Bir sonraki ise uzay varlıklarının tokenleştirilmesidir. Ravichandran, "Bu çok büyük bir şey ve uzay varlıklarının sahiplenme ve inşa edilme şeklini bozabilir."

“C1 ülkesi görev maliyetinin %30’una katkıda bulunabilir ve uzay aracının %30’una sahip olabilir ve C2 ülkesi kalan %70’lik kısma katkıda bulunabilir” diye açıkladı. “Tabii ki de bu zaten gerçekleşiyor, birden fazla ülke bir göreve katkıda bulunuyor ancak blockchain bu işbirliği ve ortaklık mekanizmasının gelişmesini sağlayabilir."

3. Uzay kaynakları

Üçüncüsü ise uzay madenciliği bağlamında asteroitler ve ay gibi uzay kaynaklarının tokenleştirilmesidir.

Ravichandran, "Planetary Resources‘in büyük bir blockchain şirketi olan ConsenSys tarafından satın alınmasıyla, bunun yakın bir zamanda gerçekleşmesini umuyorum" dedi. "Bununla birlikte, NASA’nın Artemis misyonuyla Ay’a olan ilgisi göz önüne alındığında, bu önümüzdeki birkaç yıl içinde hızlanabilir."

Devam eden işler

Blockchainin uzay endüstrisindeki varlığıyla ilgili her şey henüz çok erken safhada olsa da blockchaini benimseyen bir avuç uzay şirketi ve ajansı var.
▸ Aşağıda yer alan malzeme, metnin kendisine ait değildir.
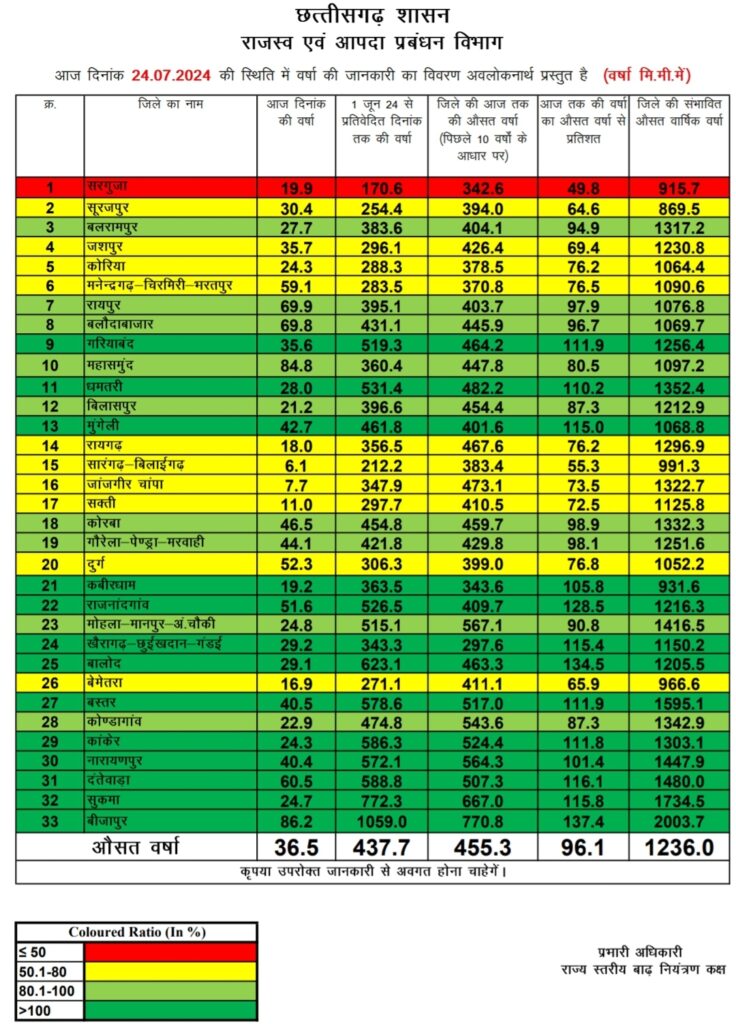 रायपुर, 24 जुलाई 2024/राज्य शासन के राजस्व एवं आपदा प्रबंधन विभाग द्वारा बनाए गए राज्य स्तरीय नियंत्रण कक्ष द्वारा संकलित...
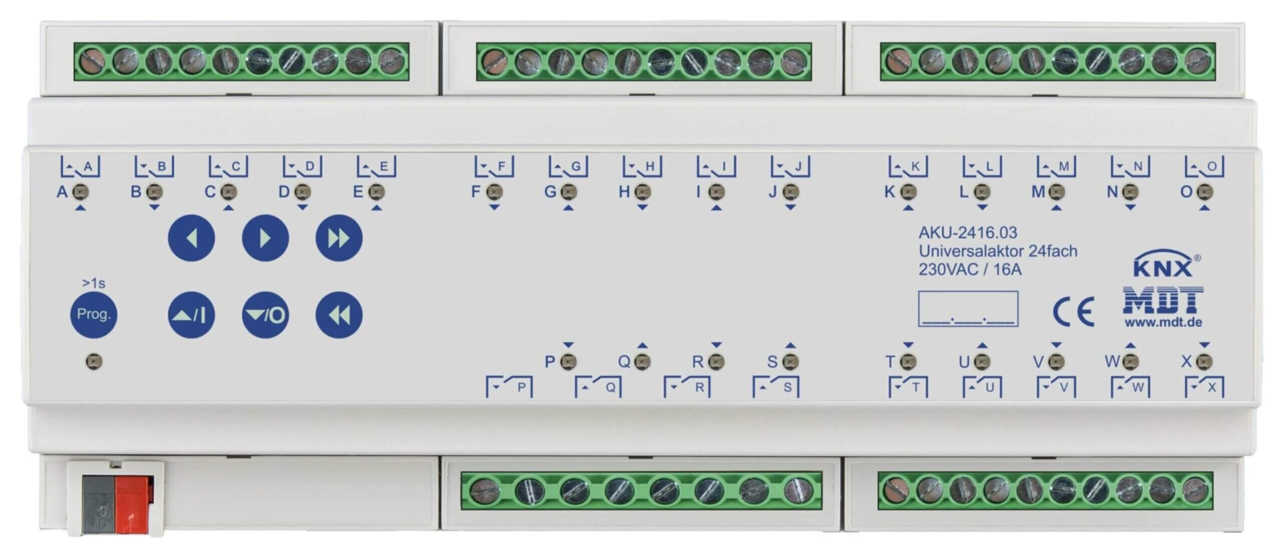 Der MDT Technologies Universalaktor AKU 24-fach empfängt KNX / EIB-Telegramme und kann je nach Parametrierung flexibel als Schaltaktor oder Jalousieaktor eingesetzt werden. Weiterhin sind beliebige Mischformen aus Schalt- und Jalousieaktor möglich. Jeder Ausgang wird über ein bistabiles Relais geschaltet und kann zusätzlich über die Taster am Aktor manuell betätigt werden.
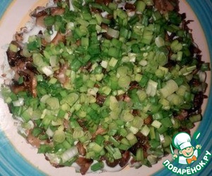 Посыпьте грибы мелко порезанным зеленым луком и снова тонкий слой майонеза.

Andrew James Murrell ESA’nın İş Uygulamaları ve Uzay Çözümleri programının (BASS) blockchainin uydu sistemleriyle bağlantılı olan kullanım durumlarını araştırdığını söyledi.

Buna ek olarak, ESA’nın ARTES Gelecek Hazırlık Programı “gelecekteki uydu sistemleri aracılığıyla en iyi şekilde sunulabilecek DTL kullanım örneklerini belirlemeye ve bunların uygulanması için en uygun sistem mimarisini tanımlamaya çalışıyor.”
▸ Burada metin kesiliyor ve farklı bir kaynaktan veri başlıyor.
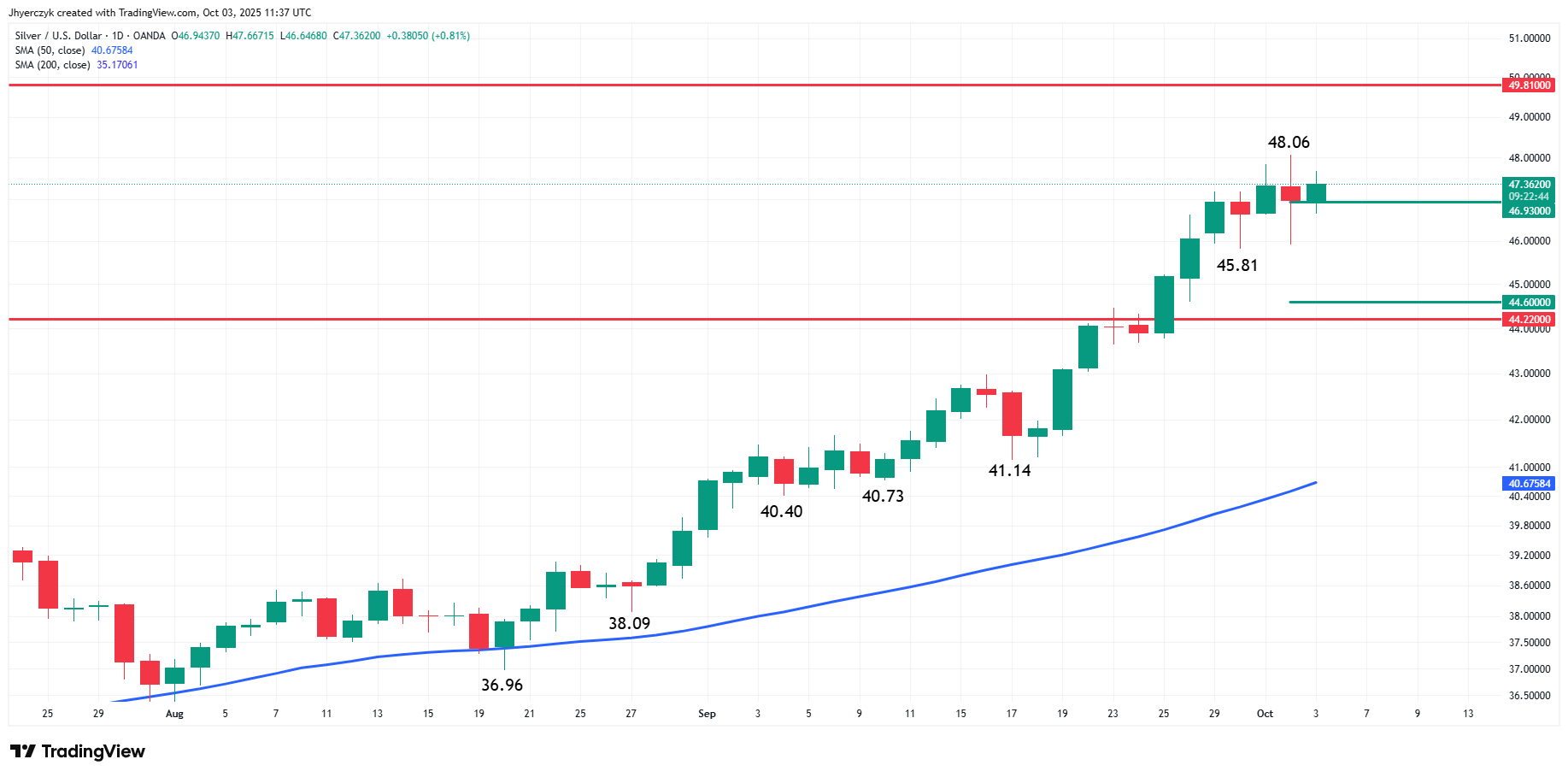 LONDON (October 3) Spot silver is trading firmer Friday, holding above a key technical pivot at $46.93 as bulls aim for another run at the multi-year high at $48.06. The market is drawing support from growing confidence in near-term Federal Reserve rate cuts and a softening U.S. dollar, even as Treasury yields tick higher in response to a government data blackout.
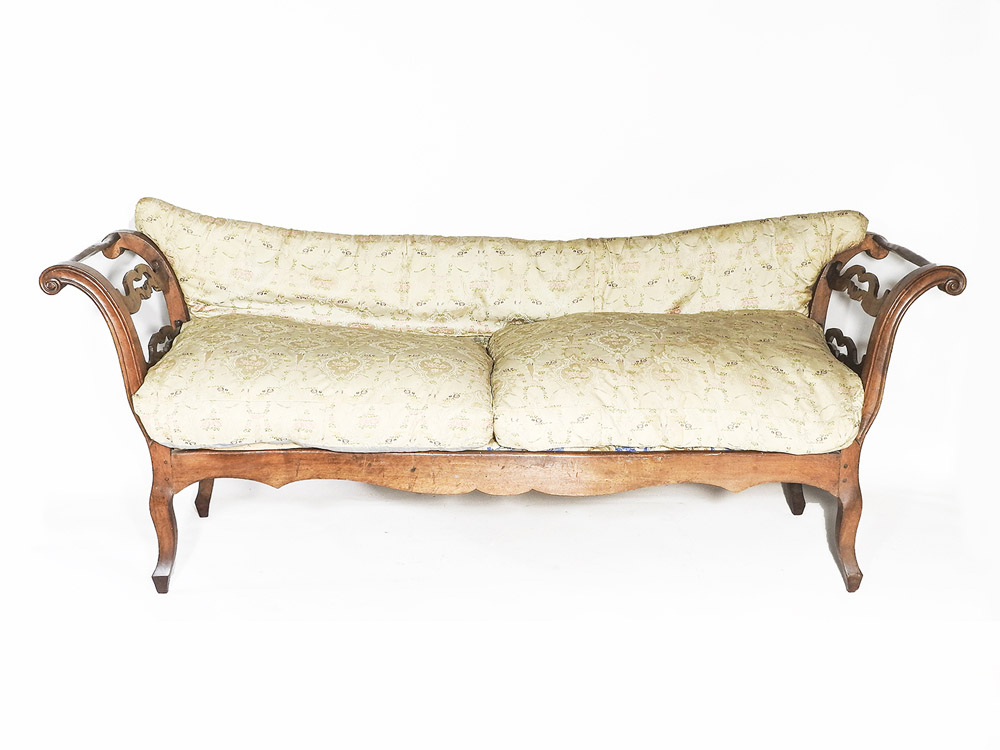 Divanetto a panca in noce XVIII secolo braccioli rovesciati desinenti a ricciolo, gambe mosse, corredato di cuscini rivestiti in broccato lungh cm 208 Walnut Sofa, 18th Century
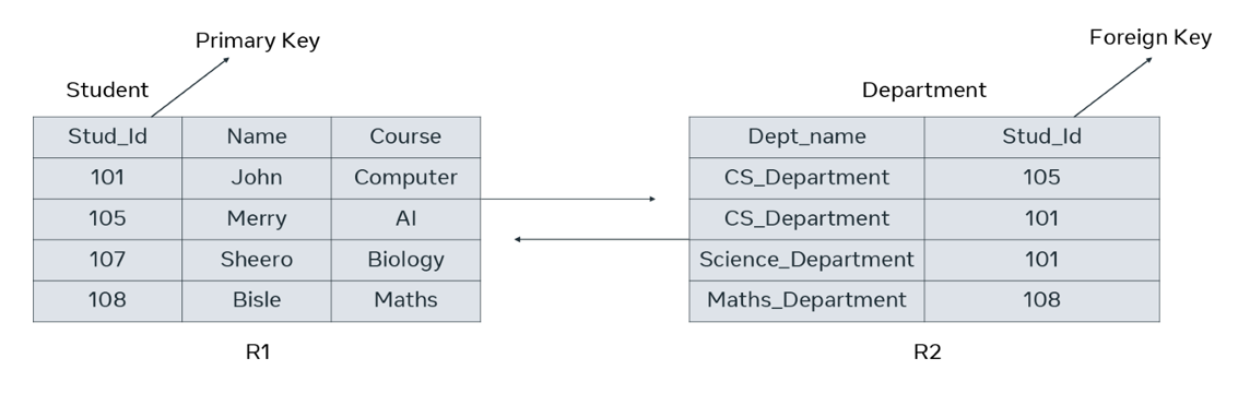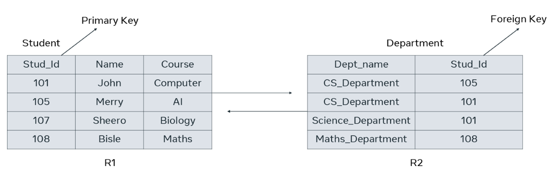 Let’s take the example of a database that contains two tables: student and department. The student table has a primary key of “Stud_id”, which is also present in the Department table as a foreign key. Therefore, the two tables are related to each other via the “Stud_id” field.

Murrell ayrıca, 2018 yılında NASA’nın “Dayanıklı Ağ ve Hesaplama Paradigması (RNCP)” projesiyle Dr.Jin Wei Kocsis tarafından kazanılan, blockchain tabanlı bir uzay aracı sisteminin geliştirilmesi için 330.000 ABD doları tutarında bir hibe  verdiğini de kaydetti.”

Özel şirketlere gelince, Ravichandran “ilk blockchain tabanlı uydu, 2018’de SpaceChain tarafından uydu tabanlı bir blockchain sistemi kurmak için başlatıldı” dedi. Bu arada, ConsenSys Space uyduları izlemek için blockchain tabanlı bir veritabanı oluştururken, İsviçre merkezli Guardtime “siber güvenlik için halihazırda uzay tabanlı uygulamalarını genişletiyor.”

Başka bir deyişle, blockchainin uzay endüstrisindeki geleceği parlak görünüyor ve merkezsizleşme sayesinde daha verimli hale gelebilir.